Tips and Practices to Protect Your Interests

If you or your business is considering entering into a verbal or oral contract, there are steps you can take to protect yourself from the potential consequences of entering into an enforceable yet unwritten agreement. First, clearly establish in writing that all promises and agreements are contained in the written contract, and that the contract may not be amended, changed, or modified by an oral agreement. Second, this will prevent future cases like the cases listed above, however in practice it is important to discuss the terms of any agreements with the other party to avoid potential liability down the road. Third, put all agreements in writing so as to have a permanent record you can refer to if problems arise. If it’s already too late and you’re already involved in a dispute involving a verbal contract, here are additional steps you can take to increase your chances of protecting your rights: Another benefit to having all business dealings in writing is that if there is ever a dispute, your case could be given precedence over any oral contract. If you or your business is entering into an oral contract and you want to make sure it stays "oral" (as opposed to becoming "written"), the best thing to do is to consult with an attorney who can help identify specific ways to avoid the oral contract from being enforced in Texas.
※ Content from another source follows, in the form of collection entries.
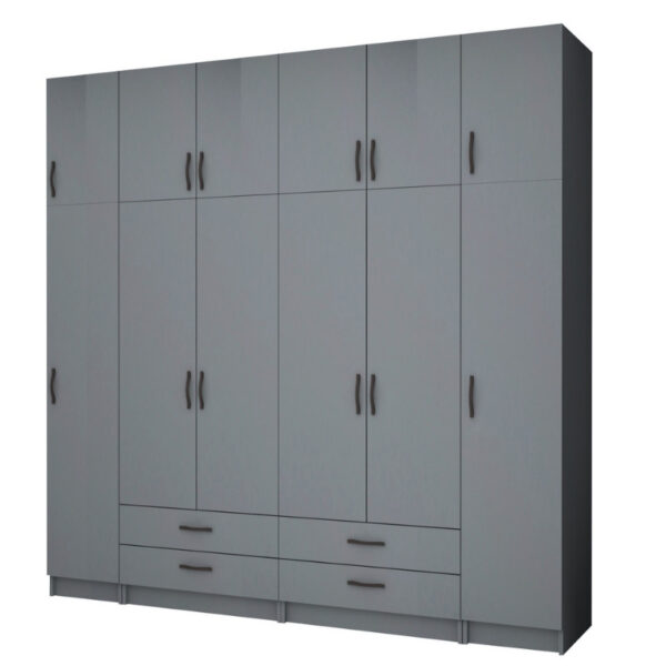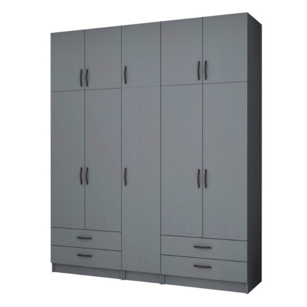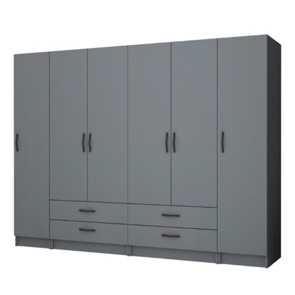 Ντουλάπα ρούχων Ricardo Megapap εξάφυλλη με συρτάρια χρώμα ανθρακί 240×51,8×181εκ.
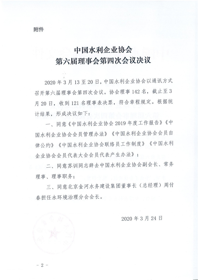 关于印发《中国水利企业协会第六届理事会第四次会议决议》的通知
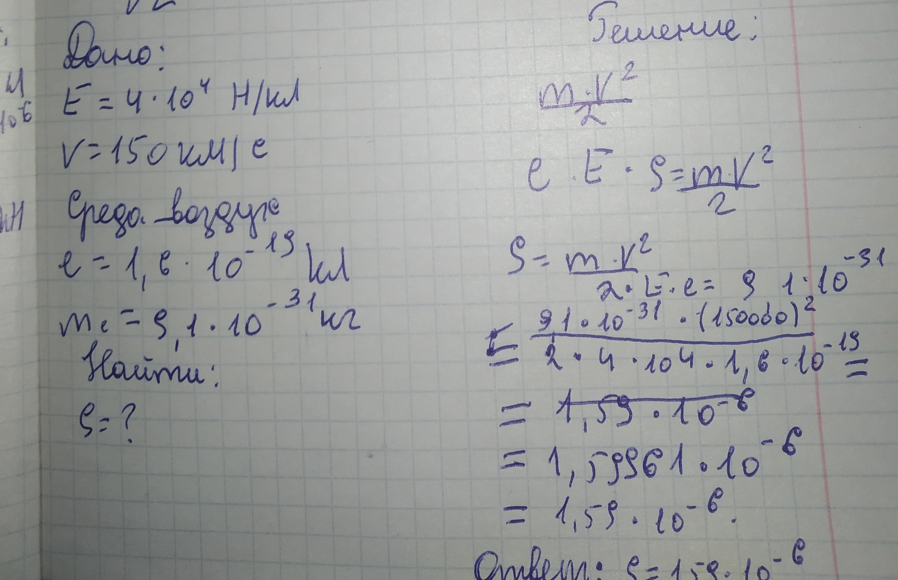 Электрон движется без начальной скорости вдоль силовой линии однородного электрического поля напряжённостью Е=4•10^4 Н/Кл. Какой путь S он пролетит прежде, чем его скорость станет v=150км/с? Среда-воздух. Модуль заряда электрона е=1.6•10^-19 Кл. его масса m=9.1•10^-31 кг.
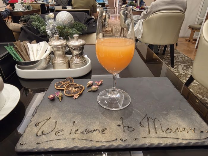 食事を楽しんでいるとウェイターが「ホテルのバーテンダーが特別につくったドリンクです。アルコールは入っていませんので、ご安心してどうぞ」と特別ドリンクを持ってきてくれました。
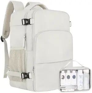 Sinaliy Travel Backpack, Carry on Flight Approved Backpack with Multi-Pockets, TSA Waterproof 17.3inch Laptop Backpack, Personal Item Travel Bag for Men Women, Beige
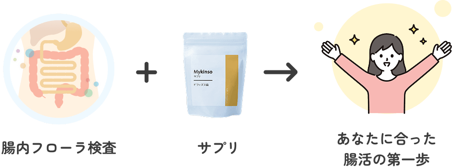 腸内フローラ検査「マイキンソー」では、検査の結果をもとに、あなたの腸内環境に合わせたサプリメントをレコメンドしています。
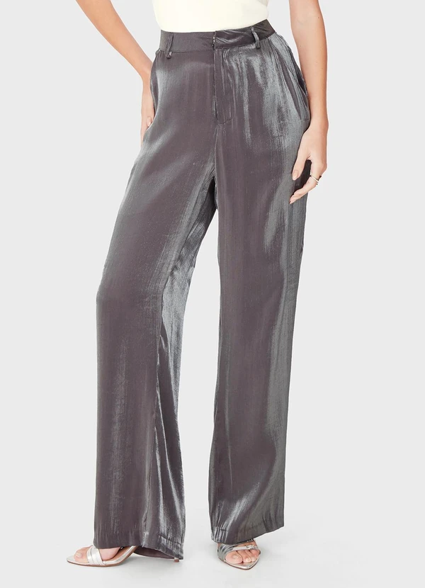 Enfim - Calça Reta em Acetinado Glow Cinza Grafite
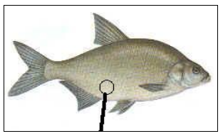 (الشكل 5) موضع وخز الإبرة في السمكة

Conclusion and Key Takeaways

Fundamentally, a verbal contract can be legally binding in Texas, but as the case law shows, it’s just not practical. Oral contracts are typically fraught with potential misunderstandings and varying recollections that may or may not have occurred. Without proof of the specific terms of the agreement, it’s almost impossible to prove anything definitively in an oral contract dispute. Furthermore, when relying on verbal contracts , you will likely be ending up in the court system more often than not. It almost always turns out that both parties wish they had a written contract to prove their side of the story. Therefore, in the end, a written contract will save time, money, and effort, even if the written contract is not the initial agreement between the parties. Just simply follow the general rule of thumb given above, that unless the statute of frauds applies, you are better protected with a written agreement.